As is well known in the art, lubricating systems for automobile internal combustion engines include:
The so-called wet sump method, in which lubricating oil stored in the oil pan is splashed onto piston sliding parts using a connecting rod, etc., or the so-called wet sump method, in which lubricating oil is not kept in the crankcase, but is forcibly supplied to each sliding part using multiple pumps. There are dry sump methods, etc.

As an example, Japanese Patent Application Laid-open No. 62 (1983) using the dry sump method
The one described in Japanese Patent No.-101811 is generally known. This system is equipped with an oil tank separate from the oil pan, and the oil path from the oil pan and oil tank to one oil pump is switched by a switching valve that works with an oil level sensor in the oil pan, allowing each sliding movement of the engine to be switched. At the same time, lubricating oil is supplied from the oil pump at a predetermined pressure or higher to the oil tank via a relief valve. This configuration attempts to solve the problems of the conventional dry sump system, such as the use of multiple oil pumps and increased horsepower consumption.

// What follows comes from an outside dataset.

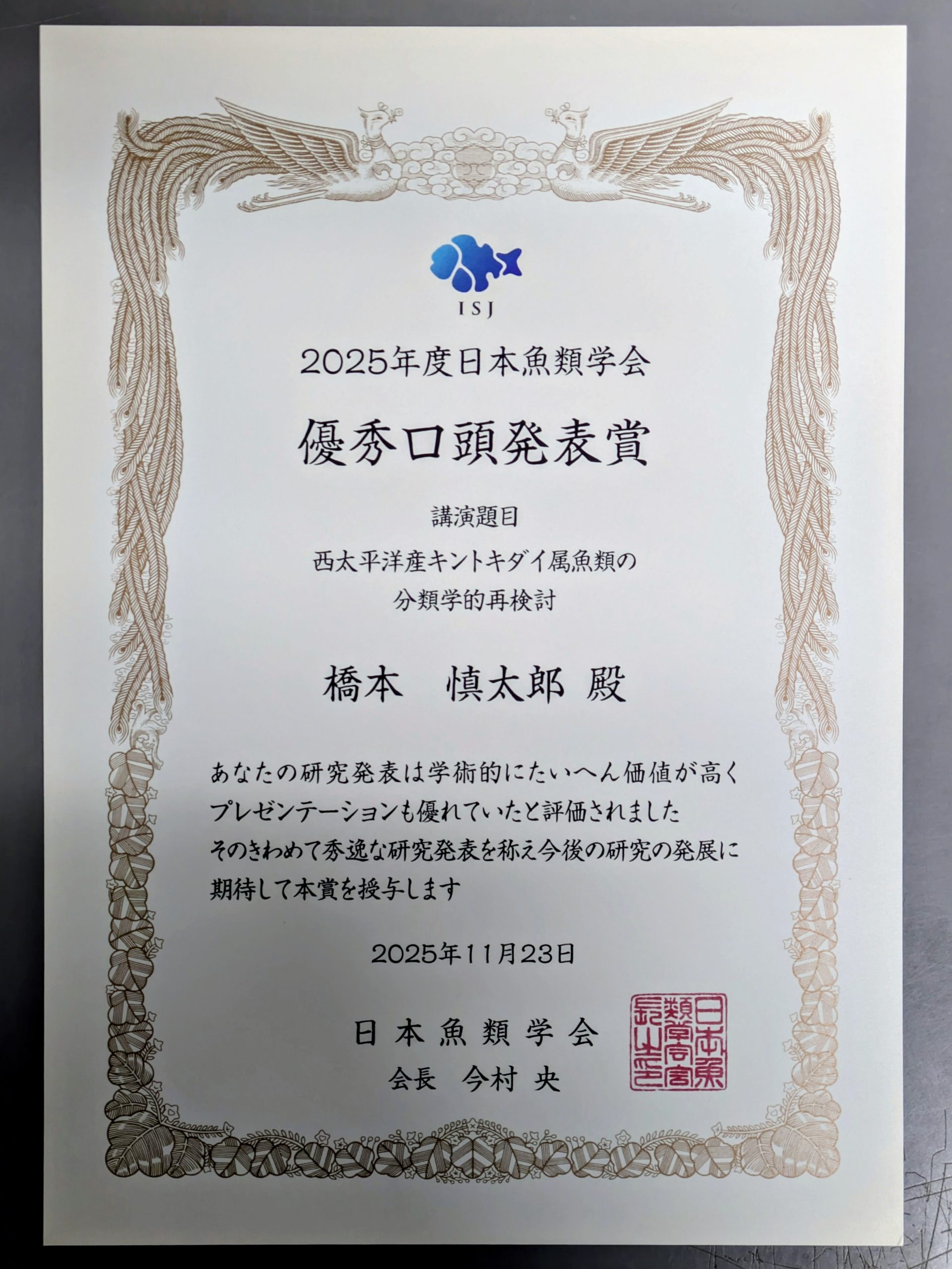 2025年11月21日~24日に東京海洋大学で開催された「2025年度日本魚類学会年会」において、本研究科2年生の橋本慎太郎さんが「優秀口頭発表賞」を受賞しました。 日本魚類学会優秀口頭発表賞は、年会で優秀な研究発表を行った学生会員および外国会員の学生に授けるもので、分類と生態の2分野において各1~2名が選出されます。発表は231件(口頭94件;ポスター137件)で、そのうち学生による発表は120件(50件;70件)でした。

Problems to be Solved by the Invention However, although the conventional lubricating device described above can solve the problems such as having multiple oil pumps, on the contrary, it only uses a single oil pump, and Only the lubricating oil relieved from the oil pump is supplied to the tank, so if the lubricating oil pumped to each sliding part of the engine is not recovered sufficiently and quickly into the oil pan, It goes without saying that lubricating oil cannot be supplied from the oil pan, and there is a risk that the lubricating oil in the oil tank may also become insufficient. In particular, with the recent demand for quieter engines and higher output, the number of valves per cylinder has increased, and the amount of oil remaining in the engine has tended to increase due to the increased use of lanosure adjusters, which require a large amount of oil. In particular, when the vehicle turns at high speed, the oil level in the oil pan tilts, making it more difficult to absorb necessary lubricating oil from the oil pan.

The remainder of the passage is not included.